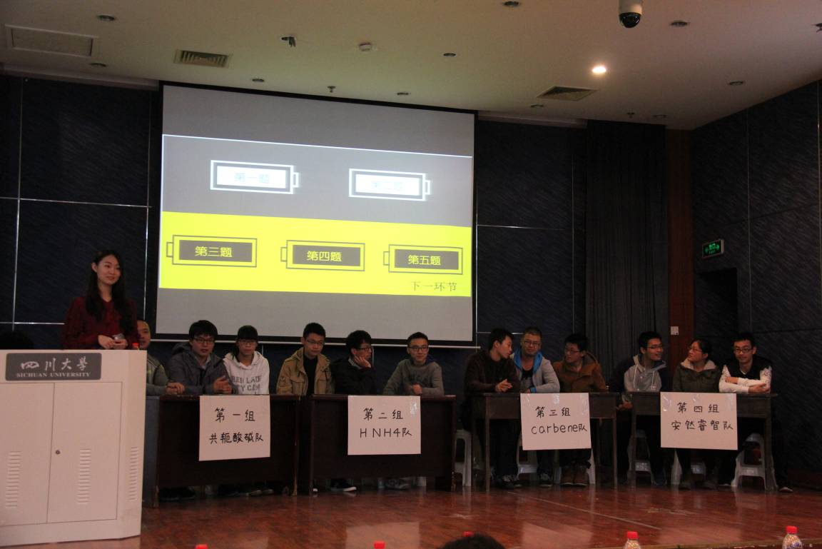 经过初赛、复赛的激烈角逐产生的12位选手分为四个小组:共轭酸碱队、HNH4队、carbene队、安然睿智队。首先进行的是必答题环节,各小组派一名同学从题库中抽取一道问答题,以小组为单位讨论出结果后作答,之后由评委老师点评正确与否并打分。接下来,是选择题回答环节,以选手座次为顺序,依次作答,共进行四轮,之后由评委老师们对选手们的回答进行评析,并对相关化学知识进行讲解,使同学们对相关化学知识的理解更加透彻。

==

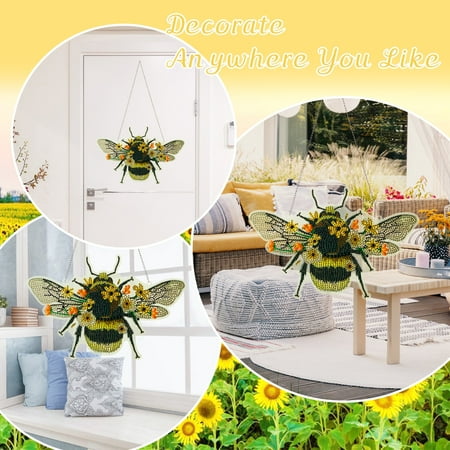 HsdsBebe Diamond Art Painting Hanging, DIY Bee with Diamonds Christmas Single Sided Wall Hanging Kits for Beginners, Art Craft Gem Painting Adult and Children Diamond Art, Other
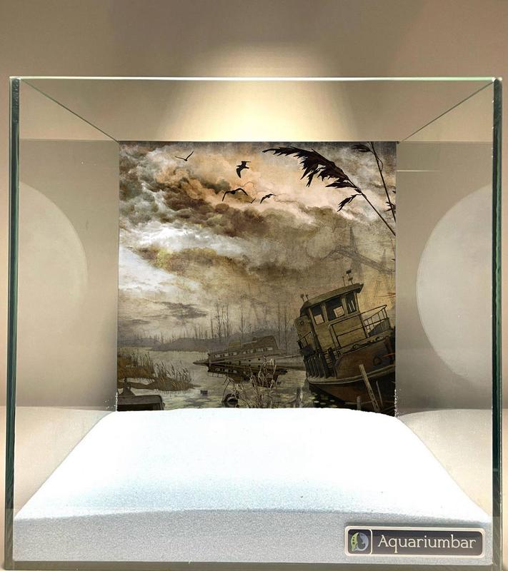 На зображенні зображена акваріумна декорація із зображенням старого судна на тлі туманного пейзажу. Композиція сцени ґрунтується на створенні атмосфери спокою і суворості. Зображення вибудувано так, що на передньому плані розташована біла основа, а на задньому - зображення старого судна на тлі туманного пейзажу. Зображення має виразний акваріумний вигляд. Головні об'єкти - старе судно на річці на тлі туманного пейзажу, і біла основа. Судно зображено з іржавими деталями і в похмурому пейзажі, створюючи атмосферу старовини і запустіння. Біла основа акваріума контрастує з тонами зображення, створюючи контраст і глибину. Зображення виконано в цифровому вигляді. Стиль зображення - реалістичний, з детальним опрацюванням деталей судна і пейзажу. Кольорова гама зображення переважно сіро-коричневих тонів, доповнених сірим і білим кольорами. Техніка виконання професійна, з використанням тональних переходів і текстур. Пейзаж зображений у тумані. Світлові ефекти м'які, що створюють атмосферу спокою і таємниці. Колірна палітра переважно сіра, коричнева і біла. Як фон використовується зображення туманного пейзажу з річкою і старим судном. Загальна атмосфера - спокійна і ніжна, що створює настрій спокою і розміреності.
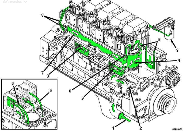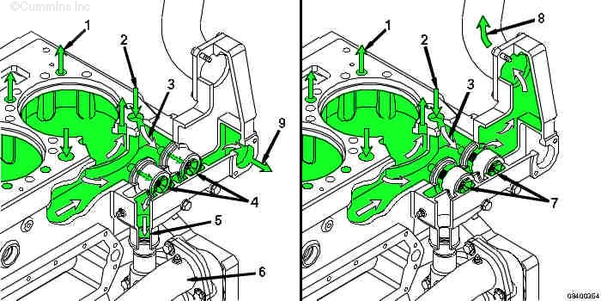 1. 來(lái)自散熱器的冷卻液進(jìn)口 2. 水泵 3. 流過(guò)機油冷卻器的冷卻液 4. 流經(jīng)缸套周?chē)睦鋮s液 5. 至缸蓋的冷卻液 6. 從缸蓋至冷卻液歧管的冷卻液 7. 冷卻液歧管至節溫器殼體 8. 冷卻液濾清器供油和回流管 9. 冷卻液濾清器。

* * *

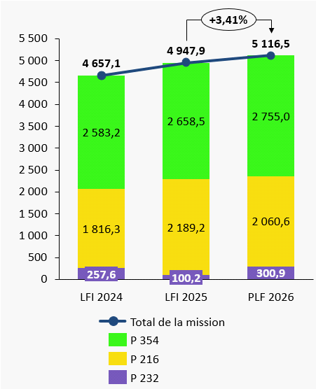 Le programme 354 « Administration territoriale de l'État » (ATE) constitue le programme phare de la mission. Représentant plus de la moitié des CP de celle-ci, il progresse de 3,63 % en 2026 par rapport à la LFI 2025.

◆ TASK BRIEF:
The copy should hold only the lines from the one with "HsdsBebe Diamond Art" through the one with "1. 來(lái)自散熱器的冷卻液進(jìn)口 2.", exactly as they stand above. Leave out the pictures.

◆ OUTPUT FOR THIS TASK:
 HsdsBebe Diamond Art Painting Hanging, DIY Bee with Diamonds Christmas Single Sided Wall Hanging Kits for Beginners, Art Craft Gem Painting Adult and Children Diamond Art, Other
 На зображенні зображена акваріумна декорація із зображенням старого судна на тлі туманного пейзажу. Композиція сцени ґрунтується на створенні атмосфери спокою і суворості. Зображення вибудувано так, що на передньому плані розташована біла основа, а на задньому - зображення старого судна на тлі туманного пейзажу. Зображення має виразний акваріумний вигляд. Головні об'єкти - старе судно на річці на тлі туманного пейзажу, і біла основа. Судно зображено з іржавими деталями і в похмурому пейзажі, створюючи атмосферу старовини і запустіння. Біла основа акваріума контрастує з тонами зображення, створюючи контраст і глибину. Зображення виконано в цифровому вигляді. Стиль зображення - реалістичний, з детальним опрацюванням деталей судна і пейзажу. Кольорова гама зображення переважно сіро-коричневих тонів, доповнених сірим і білим кольорами. Техніка виконання професійна, з використанням тональних переходів і текстур. Пейзаж зображений у тумані. Світлові ефекти м'які, що створюють атмосферу спокою і таємниці. Колірна палітра переважно сіра, коричнева і біла. Як фон використовується зображення туманного пейзажу з річкою і старим судном. Загальна атмосфера - спокійна і ніжна, що створює настрій спокою і розміреності.
 1. 來(lái)自散熱器的冷卻液進(jìn)口 2. 水泵 3. 流過(guò)機油冷卻器的冷卻液 4. 流經(jīng)缸套周?chē)睦鋮s液 5. 至缸蓋的冷卻液 6. 從缸蓋至冷卻液歧管的冷卻液 7. 冷卻液歧管至節溫器殼體 8. 冷卻液濾清器供油和回流管 9. 冷卻液濾清器。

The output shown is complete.